WORK INSTRUCTIONS:
Your reply should restate the lines from the top of the entries through the line containing "This is a men's" word for word, with no pictures.

RECORDS PROVIDED:
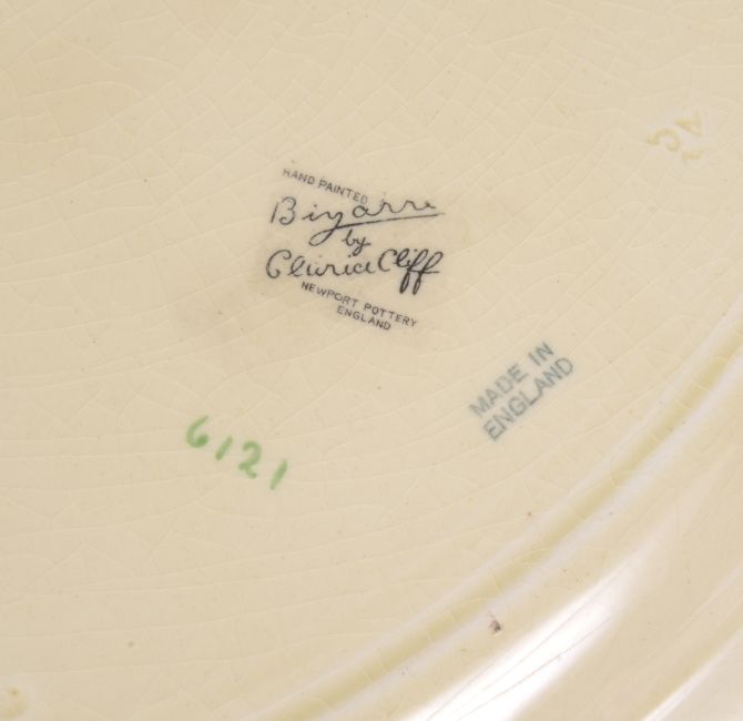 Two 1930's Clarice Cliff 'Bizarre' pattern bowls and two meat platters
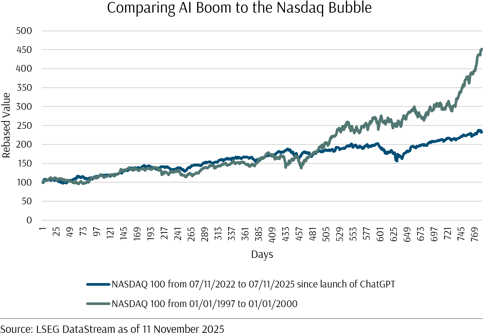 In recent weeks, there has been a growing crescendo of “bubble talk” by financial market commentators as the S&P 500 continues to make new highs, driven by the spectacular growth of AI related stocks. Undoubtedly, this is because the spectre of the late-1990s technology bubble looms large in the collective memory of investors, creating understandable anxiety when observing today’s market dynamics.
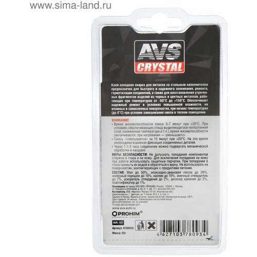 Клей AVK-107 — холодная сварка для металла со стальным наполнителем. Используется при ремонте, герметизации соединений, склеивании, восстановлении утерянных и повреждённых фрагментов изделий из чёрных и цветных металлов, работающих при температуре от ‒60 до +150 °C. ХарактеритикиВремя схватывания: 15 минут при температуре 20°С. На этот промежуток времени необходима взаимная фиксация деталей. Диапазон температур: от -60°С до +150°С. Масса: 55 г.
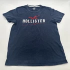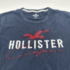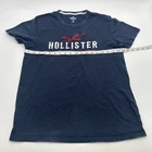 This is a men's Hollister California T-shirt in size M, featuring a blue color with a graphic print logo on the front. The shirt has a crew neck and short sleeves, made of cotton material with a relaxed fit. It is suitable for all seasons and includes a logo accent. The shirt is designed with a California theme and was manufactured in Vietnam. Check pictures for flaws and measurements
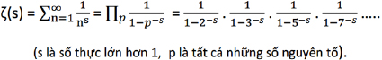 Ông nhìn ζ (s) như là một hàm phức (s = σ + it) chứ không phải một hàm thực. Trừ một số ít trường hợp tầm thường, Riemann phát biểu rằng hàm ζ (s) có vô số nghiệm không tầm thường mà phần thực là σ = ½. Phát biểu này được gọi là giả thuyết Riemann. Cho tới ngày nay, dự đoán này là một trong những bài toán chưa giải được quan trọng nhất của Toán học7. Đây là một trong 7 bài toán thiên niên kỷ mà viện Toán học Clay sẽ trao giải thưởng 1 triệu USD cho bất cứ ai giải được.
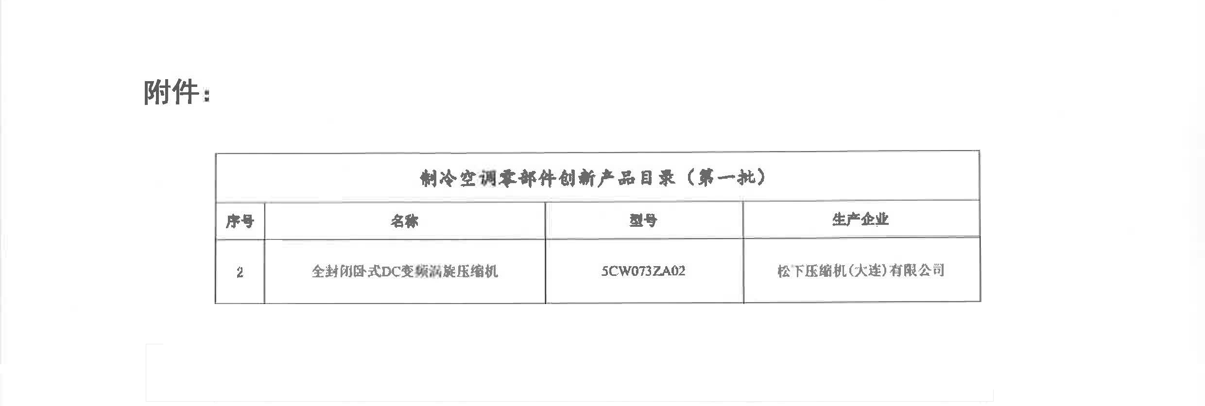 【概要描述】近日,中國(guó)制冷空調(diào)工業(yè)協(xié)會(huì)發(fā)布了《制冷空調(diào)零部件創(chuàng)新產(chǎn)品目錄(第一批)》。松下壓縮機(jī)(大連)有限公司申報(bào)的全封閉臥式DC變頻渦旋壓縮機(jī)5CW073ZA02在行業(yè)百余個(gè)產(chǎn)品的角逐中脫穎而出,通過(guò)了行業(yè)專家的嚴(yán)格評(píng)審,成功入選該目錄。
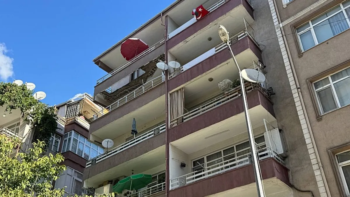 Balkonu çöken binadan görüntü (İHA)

TASK ANSWER:
 Two 1930's Clarice Cliff 'Bizarre' pattern bowls and two meat platters
 In recent weeks, there has been a growing crescendo of “bubble talk” by financial market commentators as the S&P 500 continues to make new highs, driven by the spectacular growth of AI related stocks. Undoubtedly, this is because the spectre of the late-1990s technology bubble looms large in the collective memory of investors, creating understandable anxiety when observing today’s market dynamics.
 Клей AVK-107 — холодная сварка для металла со стальным наполнителем. Используется при ремонте, герметизации соединений, склеивании, восстановлении утерянных и повреждённых фрагментов изделий из чёрных и цветных металлов, работающих при температуре от ‒60 до +150 °C. ХарактеритикиВремя схватывания: 15 минут при температуре 20°С. На этот промежуток времени необходима взаимная фиксация деталей. Диапазон температур: от -60°С до +150°С. Масса: 55 г.
 This is a men's Hollister California T-shirt in size M, featuring a blue color with a graphic print logo on the front. The shirt has a crew neck and short sleeves, made of cotton material with a relaxed fit. It is suitable for all seasons and includes a logo accent. The shirt is designed with a California theme and was manufactured in Vietnam. Check pictures for flaws and measurements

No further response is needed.